The effect of the **air ****temperature** on photosynthesis is expressed as a combination of three limiting effects. It takes into account the current temperature (T), minimum temperature and temperature history, S. If temperature during the past 24 h (T_{min})is below 0°C, photosynthesis decreases and if temperature has been below -10°C, photosynthesis shuts down. Mathematically, it can be expressed as follows:

f(T_{min}) = Max { 0 , Min { 1, (T_{0min} – T_{min }) / T_{0min }} }.

T_{0min} = –10 °C at our measuring site in Hyytiälä.

The readiness of the plant to carry out photosynthesis is different at different times of the year (maximum in summer, minimum in winter etc) and this process is regulated largely by the air temperature. S stands for "Stage of acclimation" and refers to this seasonality of the photosynthetic activity. The stage of acclimation at any given day depends on the temperatures experienced by the plant during the previous days. It reflects the ability of the plant to follow the advancement of the seasons and synchronize the biological activity accordingly, usually with a strategy of minimizing the risks (e.g. frost damage). S at time t follows the air temperature at time t with a time constant, τ, that is usually 150 h. It can be calculated as a time derivative:

dS/dt = ( T(t) – S(t) ) / τ .

The effect of S on photosynthesis can be expressed mathematically as follows:

f(S) = 1 / (1 + e^{c*(S–TS)} ).

c = –0.25 and T_{S} = 5.5°C at our measuring site in Hyytiälä.

The effect of current air temperature (T) og photosynthesis can be expressed mathematically as follows:

f(T)=1–e^{cT*(T–T0)}.

T_{0} = –5 °C and c_{T} = Min {-0.1, 0.5 * ( f(S)–1) } at our measuring site in Hyytiälä.

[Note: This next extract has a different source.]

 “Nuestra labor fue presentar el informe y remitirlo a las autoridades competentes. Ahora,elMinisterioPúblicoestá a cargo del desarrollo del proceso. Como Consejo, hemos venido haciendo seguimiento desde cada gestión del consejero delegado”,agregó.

In general, the more **carbon dioxide** that is available to the plant, the faster the rate of photosynthesis. The relationship between CO_{2} concentration and photosynthesis can be expressed by a mathematical equation:

f(CO_{2})=(CO_{2 }– γ) / (CO_{2} + γ + K_{CO2}) * (CO_{2ref} + γ + K_{CO2} ) / (CO_{2ref} – γ).

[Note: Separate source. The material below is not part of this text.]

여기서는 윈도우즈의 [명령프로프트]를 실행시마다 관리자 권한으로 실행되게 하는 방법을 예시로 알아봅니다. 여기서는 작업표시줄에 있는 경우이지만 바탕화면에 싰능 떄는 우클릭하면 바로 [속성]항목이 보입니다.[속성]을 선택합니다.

CO_{2ref}=400 ppm, γ=50 ppm and K_{CO2}=500 ppm at our measuring site in Hyytiälä.

For a description on a similar model you can consult:

Mäkelä, A., Pulkkinen, M., Kolari, P., Lagergren, F., Berbigier, P., Lindroth, A., Loustau, D., Nikinmaa, E., Vesala, T., and Hari, P. 2008. Developing an empirical model of stand GPP with the LUE approach: analysis of eddy covariance data at five contrasting conifer sites in Europe. Global Change Biology, 14, 92-108.